Marrying like a reckless rider


Brother, I fought with myself all night and then knocked you out. I will share some things with you later.

I was a divorcee. After 8 years, I agreed to my second marriage on my parents’ wishes. I got married in 2022 through this platform. My husband was living outside the country at that time. I was completely honest from my side, but he hid many things. If I had known the truth, I would never have agreed to this marriage.

Since the wedding, he kept me in my father’s house, never taking responsibility. In my family, I have my parents and a younger brother. Another brother is married. We are a small, educated, middle-class family that values honesty and religion.

Before marriage, we talked for a year. I was a broken-hearted person, nervous about marriage, and he won me over with his soft words, much like a smooth rider maneuvering a motorcycle on an empty road. But after marriage, he went in the opposite direction of everything he promised. He didn’t even let me post pictures of us together. He never let me touch his three mobile phones. I accepted it all. But the real problem was his family.

His family is like a chaotic road with too many riders going in different directions. His mother dominates the household, and his married sister, who spends most of her time there, creates an unbearable environment for any new bride. He told me he left his first wife because of her bad character. But later, I learned from his relatives that he lied. The truth was that he took dowry, left the country, and later divorced her after nine years. Had I known this, I would never have married him.

He forced me into a mutual divorce. Just two months later, I saw him posting for marriage again in this group, much like a reckless biker always looking for a new ride without caring for the previous one. Brother, I don’t want another girl to fall into his trap. The man lies a lot, and his words and actions never match.

No one from his family, acquaintances, neighbors, or relatives wants to marry him. My fault? I don’t tolerate lies, broken promises, or dishonesty. If I see injustice, I speak up. And he, like an unlicensed rider, keeps switching paths whenever he pleases.

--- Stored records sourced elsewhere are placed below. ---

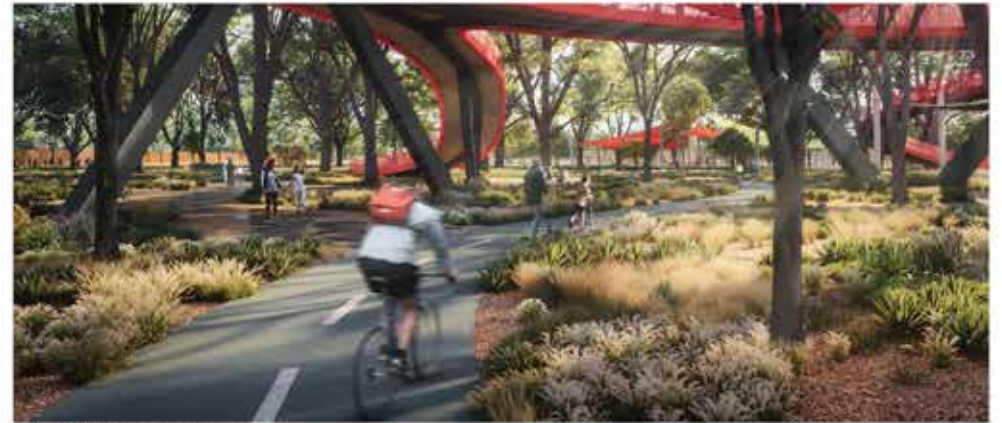
Bike & Forest Tracks

Meandering through shaded groves, the bike and walking tracks invite exploration and movement while maintaining harmony with the desert setting. Designed for leisure and wellbeing, they create opportunities for both active recreation and quiet immersion in nature. The open-air stage provides a dynamic space for performances, cultural programs, and community gatherings. Surrounded by landscaped seating and shaded lawns, it establishes the park as
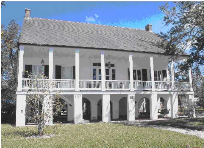
Elevation of a historic residence in Mandeville, Louisiana

While elevating a structure above the BFE will provide the structure the most protection, a less intrusive elevation may be desired or more feasible for a historic structure. Other protection measures, such as elevating utilities and equipment above the BFE, should be considered if elevating a historic structure to the BFE is not practicable.
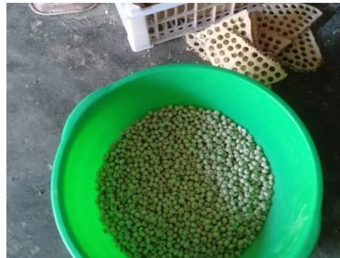
Figure 4. Tasbeh Production
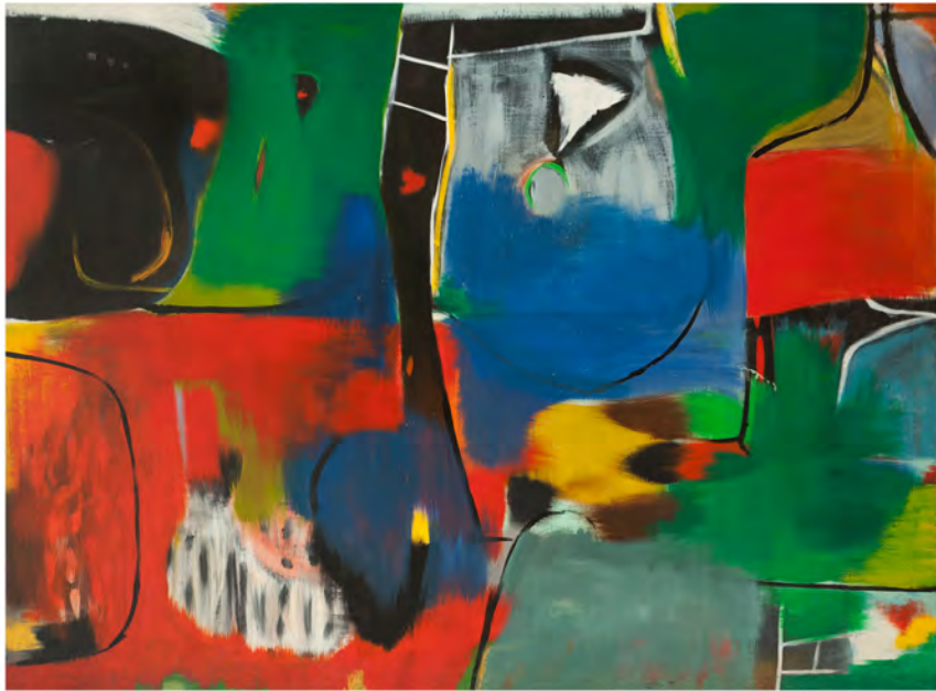
Untitled, circa 1949-50 Oil on canvas 60 x 80 inches

I protested four months after marriage when I saw the reality of his family. That was my crime. After that, he never took me home again. My father, who was in the ICU battling for his life, was mentally tortured by this man and his family. He ignored my father’s calls. The way he treated me was no less than someone leaving behind a broken-down motorcycle on the side of the road after using it for a ride.

When I realized that he only marries for convenience and leaves when he finds something “better,” I had no choice but to step away. But I fear for the next girl who might be deceived by his smooth words and false promises. Brother, please do something. No girl should ruin her life with him. He and his family are like a dangerous road full of potholes—once you step in, it’s hard to get out without damage.

For the sake of all women, I am warning you—he is not what he pretends to be. I have silently walked away to protect my dignity, but I will not stay silent if another girl falls into his trap.